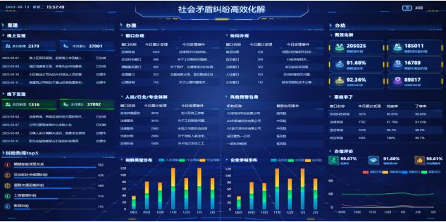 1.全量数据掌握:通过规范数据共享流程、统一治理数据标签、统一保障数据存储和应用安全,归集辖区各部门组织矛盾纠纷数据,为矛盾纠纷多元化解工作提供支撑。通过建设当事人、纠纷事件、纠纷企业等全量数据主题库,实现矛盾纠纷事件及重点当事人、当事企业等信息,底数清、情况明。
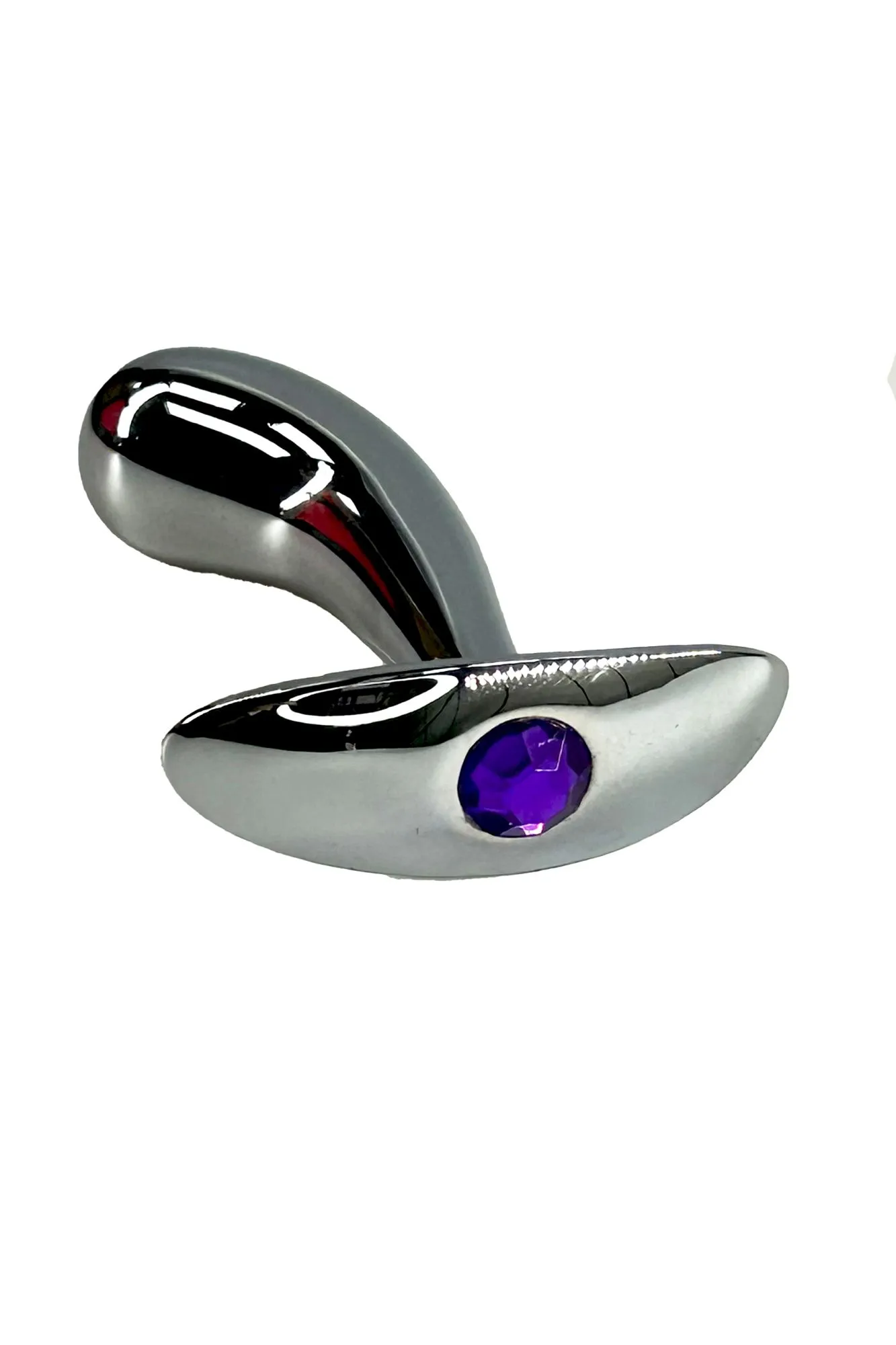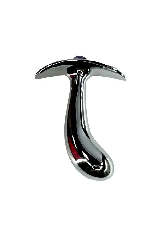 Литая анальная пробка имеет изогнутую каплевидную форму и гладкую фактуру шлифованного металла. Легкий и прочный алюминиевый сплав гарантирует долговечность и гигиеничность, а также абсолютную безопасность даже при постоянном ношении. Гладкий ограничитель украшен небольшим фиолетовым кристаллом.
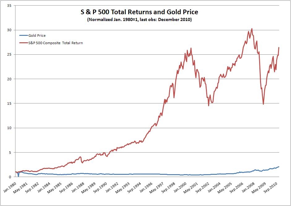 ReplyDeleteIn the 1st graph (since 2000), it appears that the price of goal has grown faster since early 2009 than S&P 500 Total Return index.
...
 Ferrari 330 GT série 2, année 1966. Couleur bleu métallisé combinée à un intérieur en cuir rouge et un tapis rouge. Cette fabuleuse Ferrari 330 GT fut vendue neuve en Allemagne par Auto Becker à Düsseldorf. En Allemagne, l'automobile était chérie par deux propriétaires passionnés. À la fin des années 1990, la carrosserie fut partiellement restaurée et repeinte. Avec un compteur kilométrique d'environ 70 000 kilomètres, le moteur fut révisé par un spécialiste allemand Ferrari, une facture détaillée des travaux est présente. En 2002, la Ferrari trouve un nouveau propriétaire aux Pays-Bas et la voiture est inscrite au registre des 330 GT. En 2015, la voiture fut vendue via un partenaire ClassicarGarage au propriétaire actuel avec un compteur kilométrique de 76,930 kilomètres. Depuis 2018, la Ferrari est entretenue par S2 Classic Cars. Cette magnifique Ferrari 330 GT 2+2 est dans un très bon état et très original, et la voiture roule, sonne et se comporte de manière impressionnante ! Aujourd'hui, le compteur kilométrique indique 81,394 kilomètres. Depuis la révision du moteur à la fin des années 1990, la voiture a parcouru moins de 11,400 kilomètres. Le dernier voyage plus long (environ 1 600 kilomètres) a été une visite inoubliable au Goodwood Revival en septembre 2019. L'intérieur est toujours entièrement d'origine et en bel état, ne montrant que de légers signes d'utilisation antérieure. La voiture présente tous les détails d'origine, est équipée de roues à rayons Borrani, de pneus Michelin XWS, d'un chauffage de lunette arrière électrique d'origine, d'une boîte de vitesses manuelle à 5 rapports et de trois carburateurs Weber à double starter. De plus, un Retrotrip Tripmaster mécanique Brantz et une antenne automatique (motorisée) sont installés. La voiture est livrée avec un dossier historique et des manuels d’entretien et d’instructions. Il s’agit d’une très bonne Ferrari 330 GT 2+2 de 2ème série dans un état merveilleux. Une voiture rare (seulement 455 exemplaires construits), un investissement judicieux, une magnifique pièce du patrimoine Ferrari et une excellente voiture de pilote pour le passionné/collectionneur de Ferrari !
==
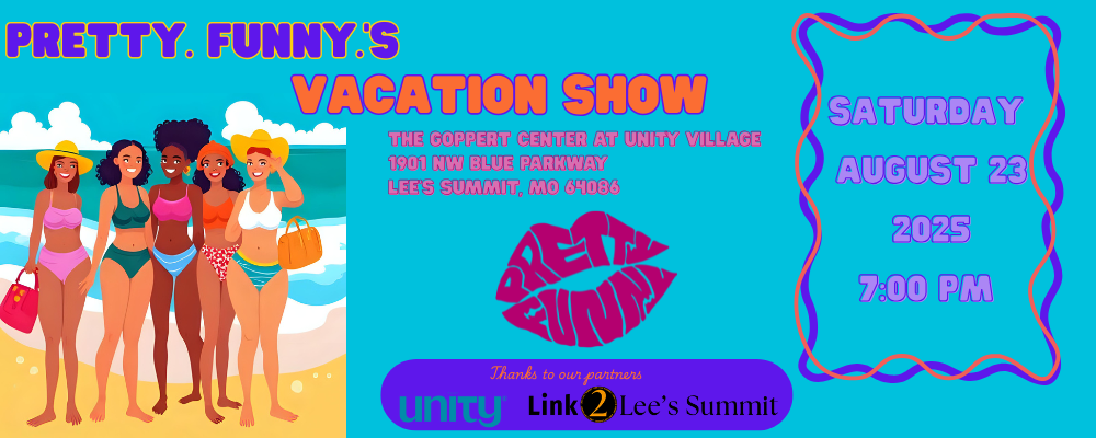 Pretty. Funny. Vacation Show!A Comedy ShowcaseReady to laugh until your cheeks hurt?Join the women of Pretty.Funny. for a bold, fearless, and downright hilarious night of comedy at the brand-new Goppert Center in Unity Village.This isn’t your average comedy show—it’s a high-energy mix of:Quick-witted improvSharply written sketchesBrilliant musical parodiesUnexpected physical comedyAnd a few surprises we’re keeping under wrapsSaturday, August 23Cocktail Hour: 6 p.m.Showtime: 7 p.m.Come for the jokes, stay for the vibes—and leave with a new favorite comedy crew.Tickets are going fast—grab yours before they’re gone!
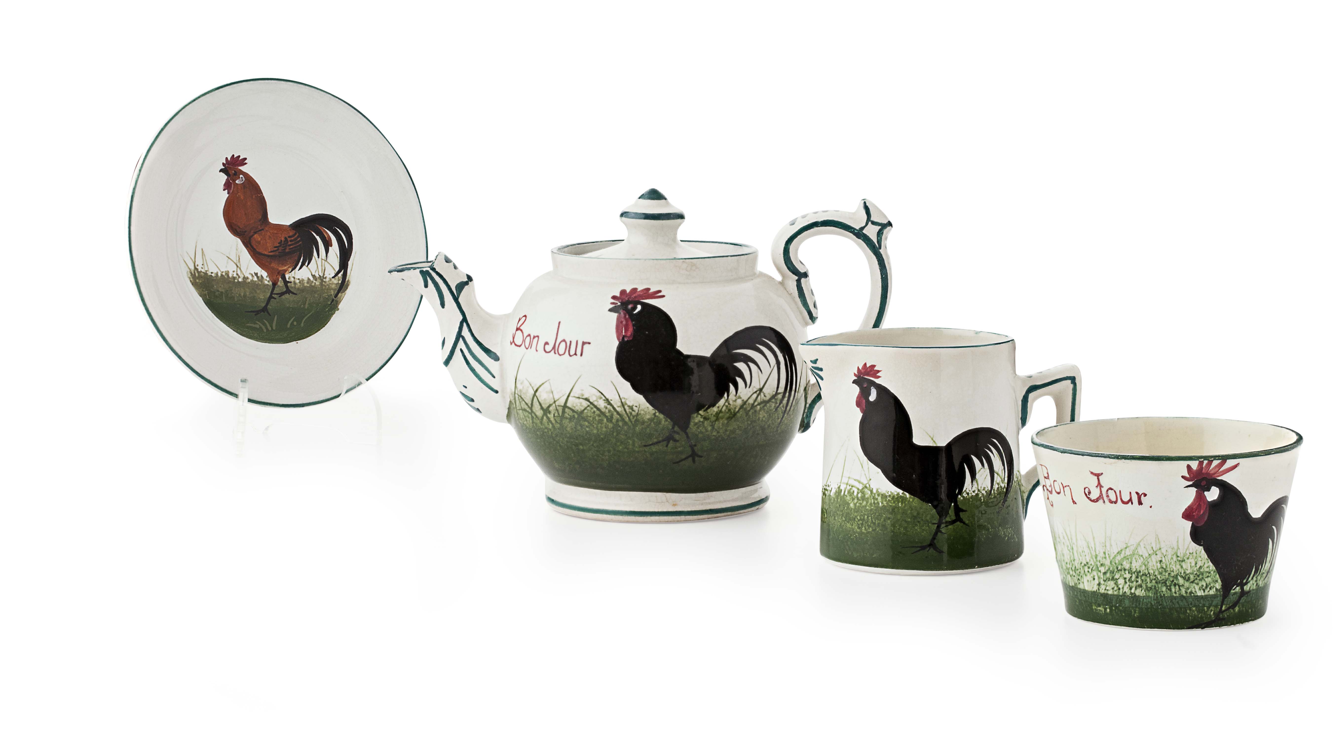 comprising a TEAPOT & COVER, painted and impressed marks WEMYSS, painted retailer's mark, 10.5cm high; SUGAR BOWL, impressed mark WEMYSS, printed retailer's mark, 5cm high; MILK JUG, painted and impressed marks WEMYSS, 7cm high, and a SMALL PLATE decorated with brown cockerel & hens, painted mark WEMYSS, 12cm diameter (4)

Problem requirements
Reproduce the lines above beginning at the line that contains "1.全量数据掌握:通过规范数" and ending at the line that contains "ReplyDeleteIn the 1st". No pictures.

The answer
 1.全量数据掌握:通过规范数据共享流程、统一治理数据标签、统一保障数据存储和应用安全,归集辖区各部门组织矛盾纠纷数据,为矛盾纠纷多元化解工作提供支撑。通过建设当事人、纠纷事件、纠纷企业等全量数据主题库,实现矛盾纠纷事件及重点当事人、当事企业等信息,底数清、情况明。
 Литая анальная пробка имеет изогнутую каплевидную форму и гладкую фактуру шлифованного металла. Легкий и прочный алюминиевый сплав гарантирует долговечность и гигиеничность, а также абсолютную безопасность даже при постоянном ношении. Гладкий ограничитель украшен небольшим фиолетовым кристаллом.
 ReplyDeleteIn the 1st graph (since 2000), it appears that the price of goal has grown faster since early 2009 than S&P 500 Total Return index.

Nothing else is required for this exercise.